Fear. The opposite of what every messenger of God first offers – fear. Every time an angel or messenger of God appears what do they say, “Do not be afraid.” The message of God cannot be delivered, cannot be heard, by us when we are afraid. Fear never results in God’s will being done. Quite the opposite. Fear leads to evil.
Now, pause here, because I know someone is going to ask me about the times the Bible talks about the “fear of the Lord.” That fear is a different word. In Hebrew, the fear of the Lord is “yirah” and means “awe and reverence.” In Greek it is “phobos” and means “to be alarmed, to withdraw, and also awe and reverence.” The fear that leads to evil is not the fear of awe that cedes control to One who is greater than yourself, but the fear of ire that resists losing control.
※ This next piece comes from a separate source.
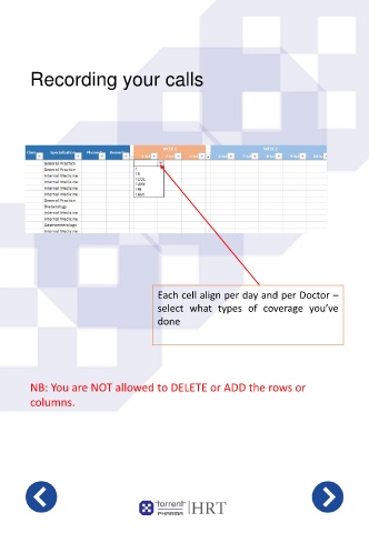 Recording your calls Each cell align per day and per Doctor – select what types of coverage you’ve done NB: You are NOT allowed to DELETE or ADD the rows or columns.

Herod’s fear was the fear of ire, fear of losing control, losing power. And Jerusalem’s fear was what that would mean for them.
Who would have thought that a baby, born into poverty, to unmarried parents in a dirty animal stall would shake the political establishment?
Who would have thought that the one sent into the world to bring peace would spark an infanticide?
Who would have thought that God would be a refugee, fleeing from the place God chose to come and make his home for safety in a foreign land?
Who would have thought that we would celebrate his birth more than 2,000 years later year after year and hope that something would change this time around…and then wonder why it hasn’t.
It’s not the world that changes as we draw near to the manger, it’s us. We begin to glow with Christ’s light. We hear the Christmas angels declaration, “Fear not. For behold, I bring you good news.” And if we allow the churning within us to settle, we receive the news of great joy for all people. The Messiah has been born for us. God is with us. Peace on earth, no more flailing and flopping and knocking our way to the top, roiling the water, churching for more. God is for us. Peace among all in whom God delights. God loves us.
On the day after Christmas the expectation is gone, the presents are opened, the wrapping is trashed the boxes are stacked, that’s over. There are still wars and work and stress in our world. Our awareness of Emmanuel is the change that Christmas offers. God is with us. God is for us. God loves us. Do not be afraid. Be at peace. Amen.